Univariate regression on the microbiome count data was in all cases performed using linear mixed models from the dream package, version 1.24.0, with the variancePartition extension [21,22]. This combination of packages provides functions for differential abundance testing using negative binomial linear mixed models for repeated measures data. In all models, ‘subject’ was taken as a random factor.

Multivariate analysis and ordinations were performed using the vegan package, version 2.5-7 [23]. This package was also used to calculate the inverse Simpson and Shannon alpha-diversities.

The multivariate models fitted by PERMANOVA were tested via permutation analysis in order to produce Type III (marginal) p-values for the terms included in the model. A total of 103 permutations were used for all reported results. Count data were normalized using the Wisconsin double standardization after square-root transformation in the case of PERMANOVA, RDA, and MDS ordinations. In the case of the distance analysis, PERMANOVA, and MDS, the Bray–Curtis distance measure was used.

The 16S data were filtered to include only those taxa that contribute to the first 95% of all counts in the data. This step was not performed for the alpha-diversity analysis. The filtering procedure consisted of the steps denoted below.

Given the count table of taxa $A$, where $A$ is an $m, n$ matrix (samples by taxa), let the row normalized matrix be denoted by $D$, where $D$ is an $m, n$ matrix, with the formula given by

$$D_{i,j}=\frac{A_{i,j}}{{\sum }_{\theta =1}^n A_{i,\theta }}$$

Let the row count normalized column sums of our matrix $D$ be denoted as the vector $\widehat{c}$, given by

$${\widehat{c}}_j=\sum _{\theta =1}^m D_{\theta ,j}\forall j\in [1,n]$$

The cumulative sum of the column sums normalized for column count is then denoted as $C$, where

$$C=\sum _{\theta =1}^n \frac{{\widehat{c}}_{\theta }}{n}$$

Any taxa where $C$ is smaller than 0.95 (corresponding to 95%) was then chosen to be included in the analysis. This procedure eliminates sparse, low-count taxa from the dataset.

2.8. Statistics

Statistical analysis of the SCFAs and α-diversity measures was performed using the lme4 and lmerTest packages, with the emmeans package for post hoc analysis [20,21,22]. All models use ‘subject’ as a random effect.

3. Results

3.1. Fiber’s Effects on α-Diversity

The overall effect of fiber on the α-diversity was significant for the healthy microbiota (p < 0.001 for overall fiber effect) but not for the IBD microbiota (p = 0.0501). Linear model analyses indicate a significant group-treatment effect (p < 0.001), meaning that the effect of fiber on microbiota diversity was significantly different between the healthy and the IBD groups. Figure 2 shows more specifically which fibers had a significant effect on the diversity in each of the two groups: in the healthy group (Figure 2a), α-diversity was significantly decreased after treatment with pectin compared to the untreated control (p < 0.001), and it was significantly increased after treatment with psyllium (p = 0.015) and resistant starch (p = 0.022); in the IBD group, α-diversity was significantly decreased after treatment with psyllium compared to the untreated control (p = 0.016).

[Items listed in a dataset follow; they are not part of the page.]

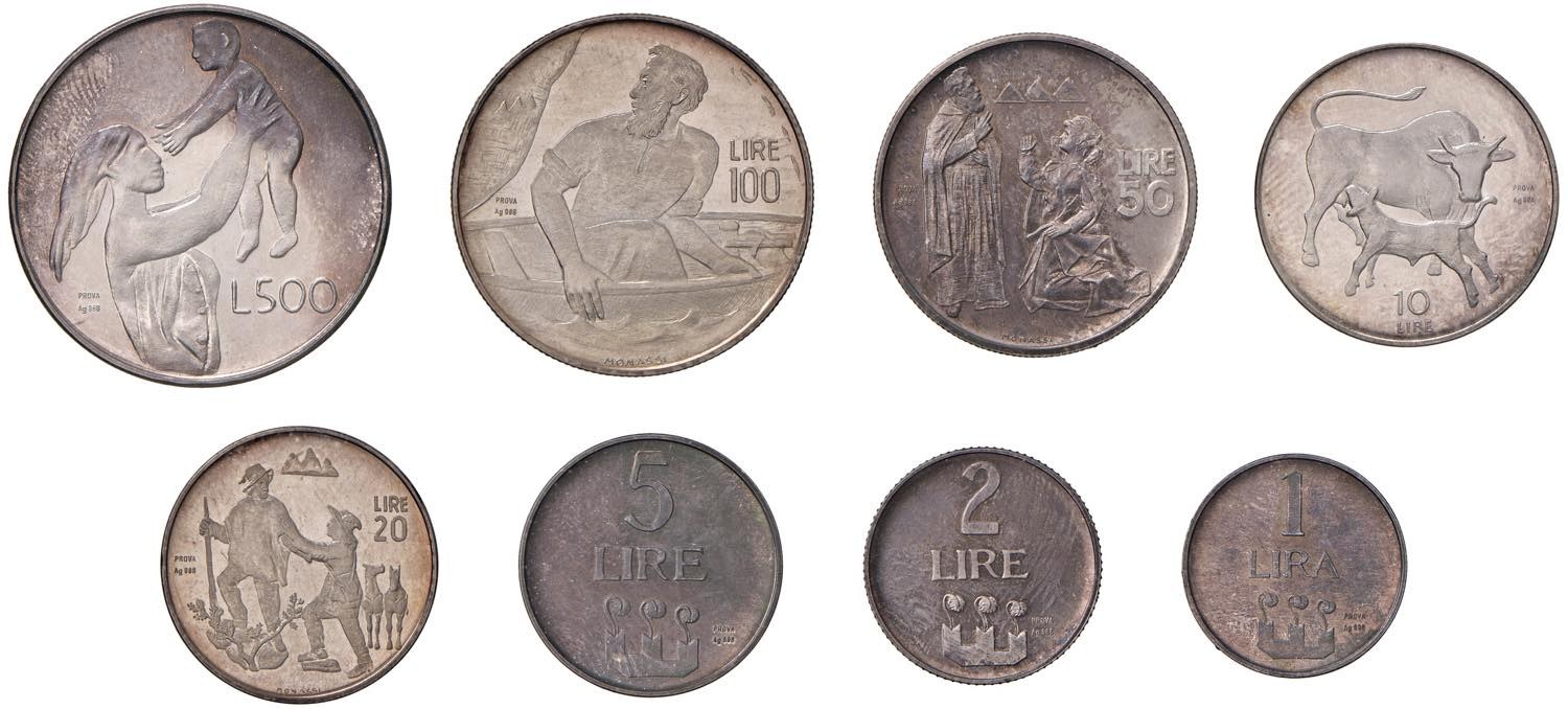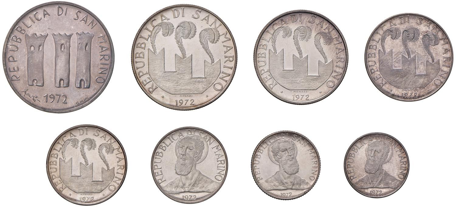 SAN MARINO Divisionale 1972 Prova - AG RRRR Lotto di otto valori: 500, 100, 50, 20, 10, 5, 2 e una lira. Tiratura di sole 70 serie complete. Uno dei pezzi chiave dell'intera serie di San Marino!
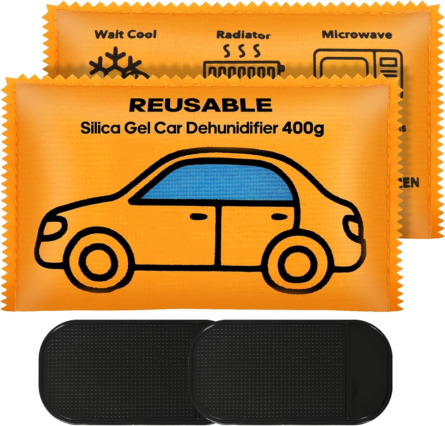 2 Pcs 500g Silica Gel Car Dehumidifier Bags â Rechargeable, Reusable Moisture Absorbers for Car, Closet & Gym Bag
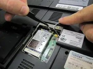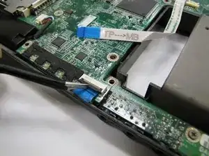 Пинцетом отсоедините два ленточных кабеля в нижней части ноутбука.
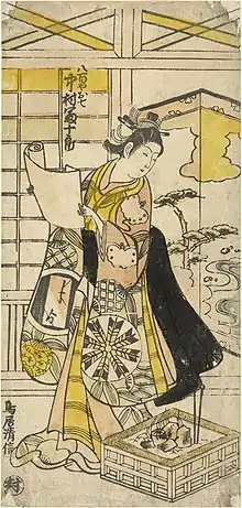 Torii Kiyonobu II (Japanese: 二代目 鳥居 清信 Nidaime Torii Kiyonobu; active 1725–1760) was a Japanese ukiyo-e artist. He headed the Torii artistic school from possibly as early as 1725, when its founder Torii Kiyonobu I retired. Kiyonobu II was a prolific designer of actor prints, principally in the narrow hosoban format, of which he produced at least 300 examples for about 20 different publishers. He and Torii Kiyomasu II were the main Torii artists of their time[1] and have been rumoured to be the same person.[2] Kiyonobu II's last known work is an actor print dated to 1760.[1]
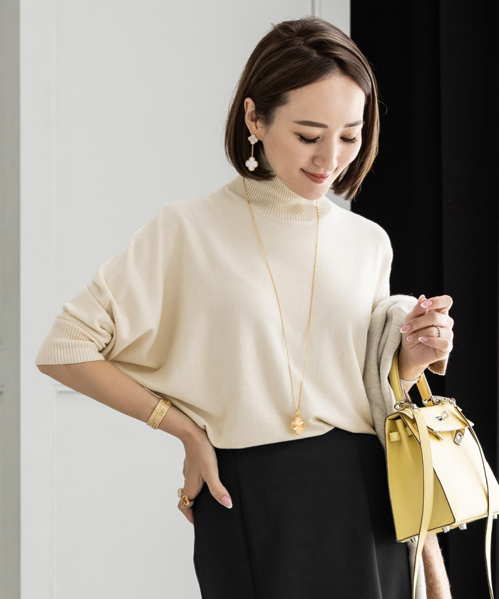 スカート、パンツスタイルはもちろん、ワンピースにも合わせやすい。
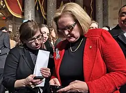 McCaskill was elected to the U.S. Senate in 2006, the first woman to be elected to the chamber from Missouri (Jean Carnahan was appointed upon the death of her husband). Re-elected in 2012, McCaskill was defeated in 2018 by Republican challenger Josh Hawley.[1] Since February 2019, McCaskill has served as a political analyst for MSNBC and NBC.[2][3]

Within each group, fibers had a subject-specific effect on α-diversity: the microbiota of some donors showed a stronger change in α-diversity compared to the untreated control after exposure to specific fibers (Supplementary Figure S1).

3.2. Fiber’s Effects on Microbiota Composition

After 24 h of fiber incubation, the microbiota composition was significantly different from the untreated control, both in the healthy group (F = 3.17; p = 0.001) and in the IBD group (F = 4.39; p = 0.001). Furthermore, ANOVA revealed a significant subject–treatment interaction (p = 0.002 for the healthy group, p = 0.001 for the IBD group), meaning that the effect of fiber on microbiota composition was significantly different across individuals (Supplementary Figure S2). Still, differences in composition between individual microbiota were larger than differences induced by fiber treatments (healthy group: F = 17.08, p = 0.001; IBD group: F = 24.12, p = 0.001). This is illustrated in Figure 3: here, the individual microbiota (represented by dots of different colors and shapes) cluster based on donor subjects (color) rather than based on fiber treatment (shapes).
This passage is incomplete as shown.